▶ [Data extracts]
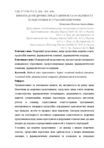 - Білоусова, Наталя Анатоліївна (orcid.org/0000-0001-6732-426X) (2017) Requirements for medical sales representatives and features of their education in modern Germany Науковий вісник інституту професійно-технічної освіти НАПН України, 14. pp. 146-152. ISSN 2223-5752
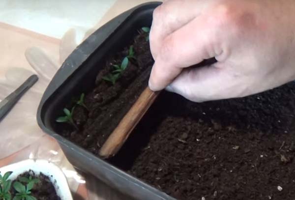 L'essence de la deuxième méthode pince à épiler suivant: chaque plante est soigneusement prise avec une pince à épiler et avec la même pince à épiler enfouie dans le sol. L'essentiel ici est de calculer la puissance de serrage avec des pincettes pour ne pas transférer la racine.
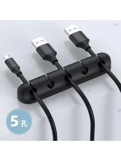Держатель для проводов и шнуров органайзер 5 разъёмов Чёрный
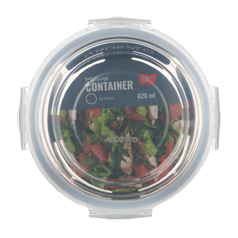 Контейнер для зберігання харчових продуктів ARDESTO Gemini 0.62л, боросилікатне скло, пластик, круглий, прозорий
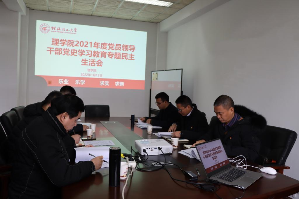 根据桂理工党组〔2021〕22号《关于召开党史学习教育专题民主生活会的通知》,我院于2022年1月13日上午在屏风校区1409会议室召开党员领导干部党史学习教育专题民主生活会。学校学工部(处)部(处)长冯广辉到会指导,会议由党委书记欧阳胜权主持,院长肖剑荣、党委副书记钟立军、副院长蒋远营、副院长李明参加会议,督导组李碧仙列席会议。
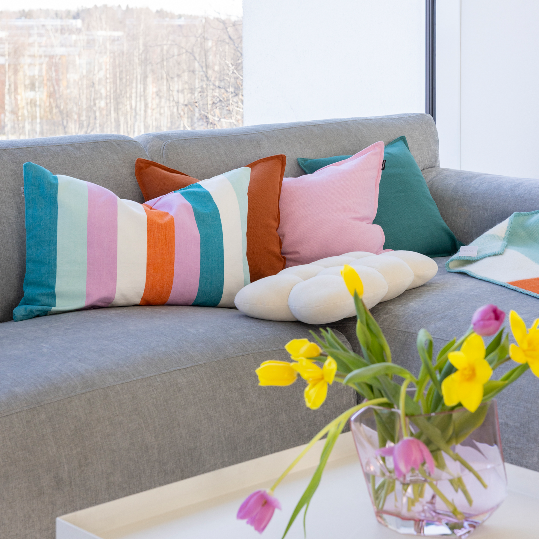 In winter, the colours disappear from the northern nature. Perhaps they fly south with the birds, where they recharge themselves with sunshine and warmth, and return in the spring, brighter than ever. Encouraged by colour, we now decorate our homes exactly as we like. The colours borrowed from Tuntu (Feel) tableware now also shine on textiles, from blankets to table setting and kitchen textiles. Even one Tuntu cushion cover alone brings joy, playfulness and colour to the living room, but it's at its best when paired with other cushion covers or wool blanket from the same collection.
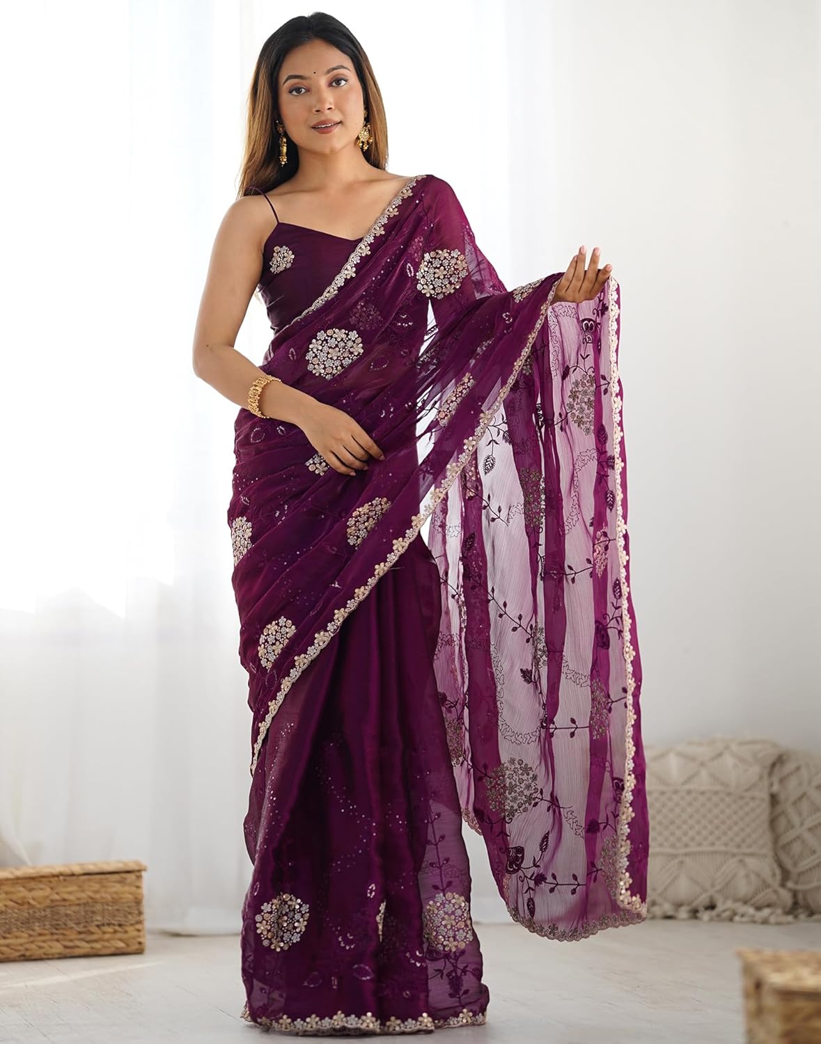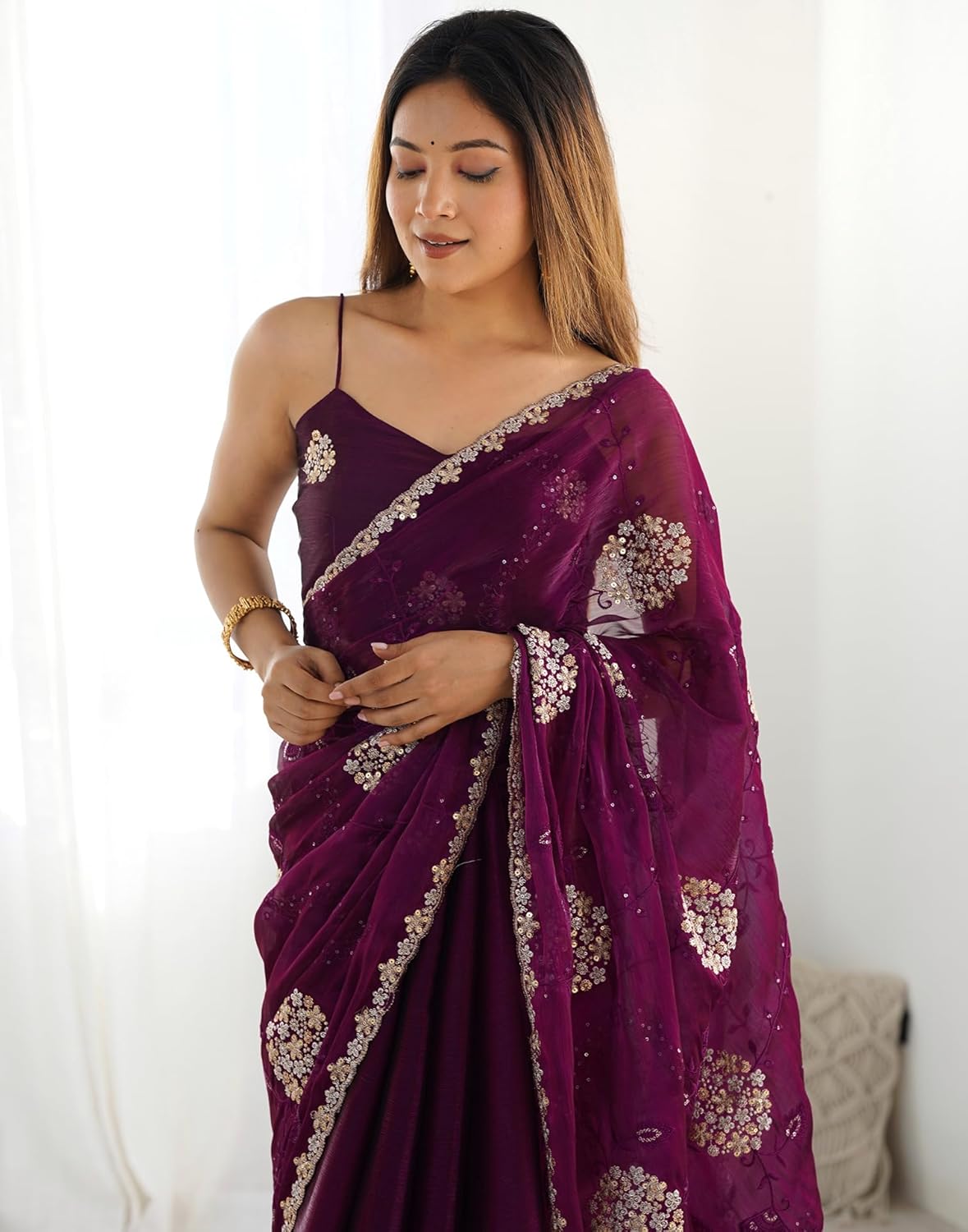 SIRIL Women’s Shimmer Chiffon Sequence Embroidery Saree With Unstitched Blouse Piece for Wedding and Parties by VintaVool
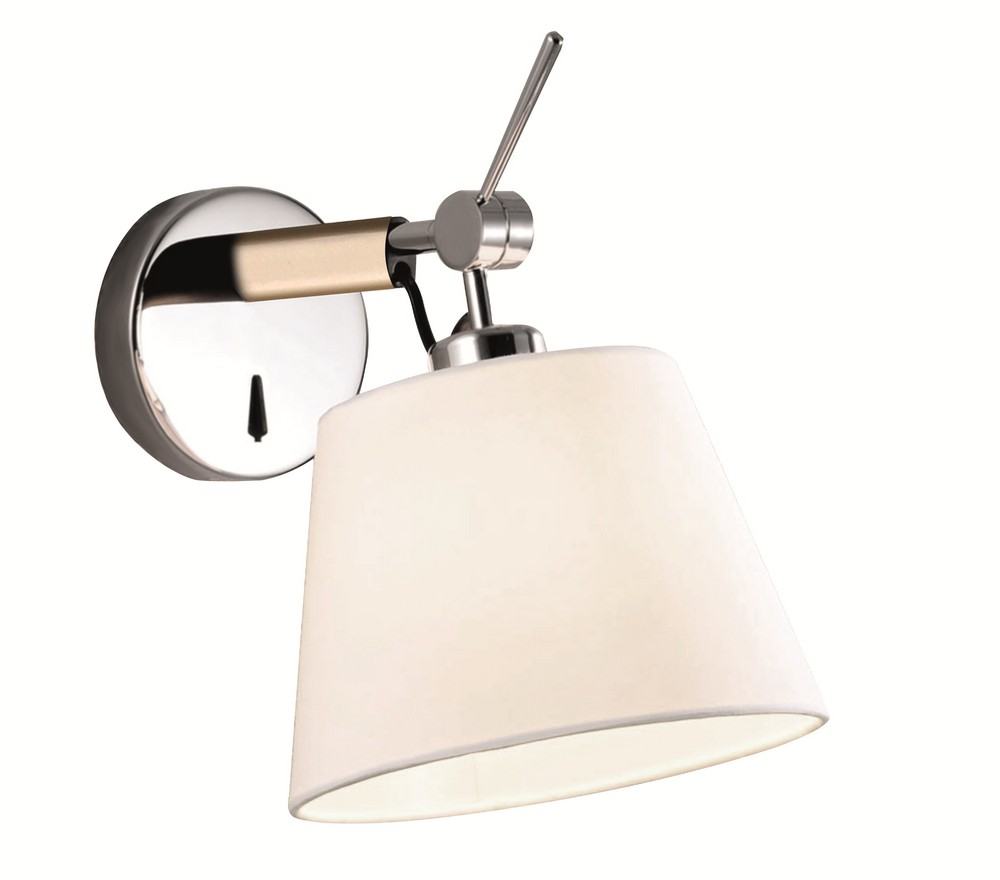 Μοντέρνα απλίκα με δυνατότητα κίνησης και λευκό καπέλο από πλαστικοποιημένο ύφασμα. Διαθέτει μεταλλική βάση σε χρυσό ματ χρώμα με νίκελ ματ λεπτομέρειες.
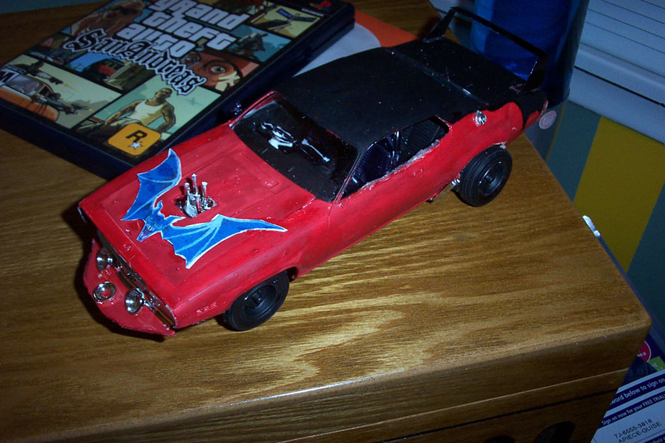 Another replica by Liquid Hamster, based on a Revell 71' GTX. His XA has a scratch built spoiler made of PVC and the nose spoiler is the cut up truck bed cover from my chevy pickup model AKA red f100. The bat artwork on the hood is Dark Horse's design.
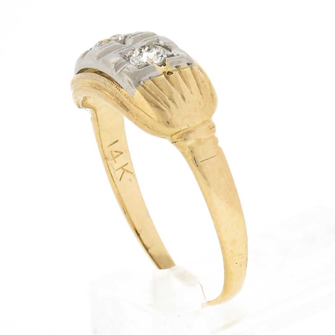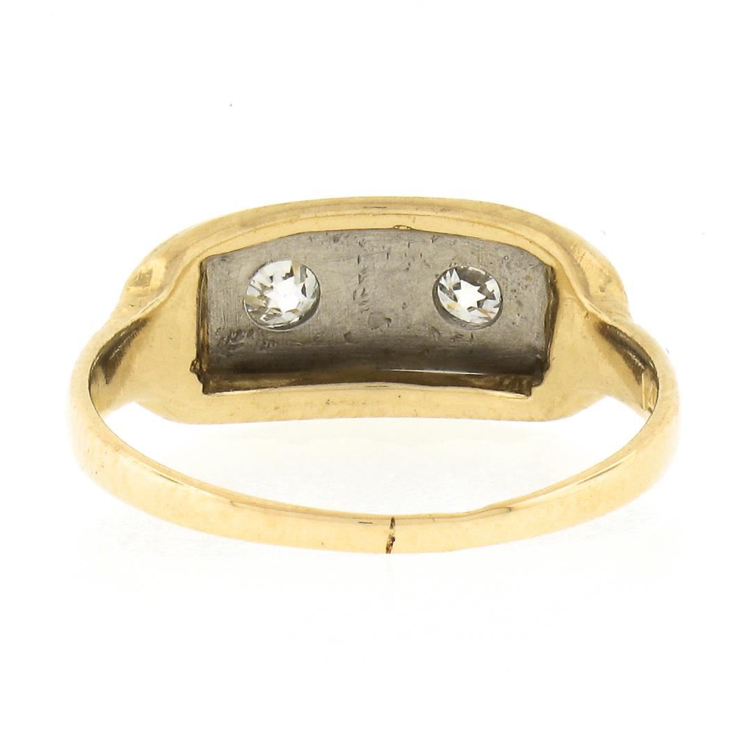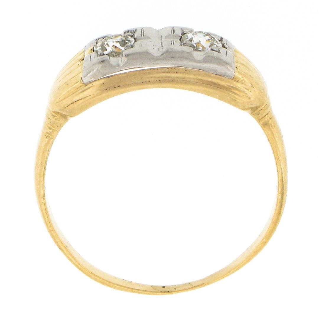 An antique solid 14k yellow & white gold band ring, with 2 old European cut natural diamonds (G/H - SI1/SI2 ; 0.20ctw). The ring is size 6.5, weighs a total of 2.57 grams, and measures 7.25mm wide.
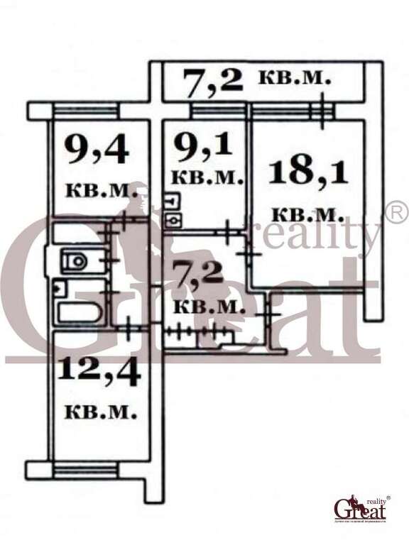Квартира рядом с метро. Комнаты изолированные: 18,1 кв.м, 12,4 кв.м, 10 кв.м. Большая застекленная лоджия. Окна выходят на две стороны.

▶ [Exercise goal] What is needed is a verbatim copy of the lines from the line with "Μοντέρνα απλίκα με" through the last line of the listing, pictures excluded.

▶ [Completed task]
 Μοντέρνα απλίκα με δυνατότητα κίνησης και λευκό καπέλο από πλαστικοποιημένο ύφασμα. Διαθέτει μεταλλική βάση σε χρυσό ματ χρώμα με νίκελ ματ λεπτομέρειες.
 Another replica by Liquid Hamster, based on a Revell 71' GTX. His XA has a scratch built spoiler made of PVC and the nose spoiler is the cut up truck bed cover from my chevy pickup model AKA red f100. The bat artwork on the hood is Dark Horse's design.
 An antique solid 14k yellow & white gold band ring, with 2 old European cut natural diamonds (G/H - SI1/SI2 ; 0.20ctw). The ring is size 6.5, weighs a total of 2.57 grams, and measures 7.25mm wide.
Квартира рядом с метро. Комнаты изолированные: 18,1 кв.м, 12,4 кв.м, 10 кв.м. Большая застекленная лоджия. Окна выходят на две стороны.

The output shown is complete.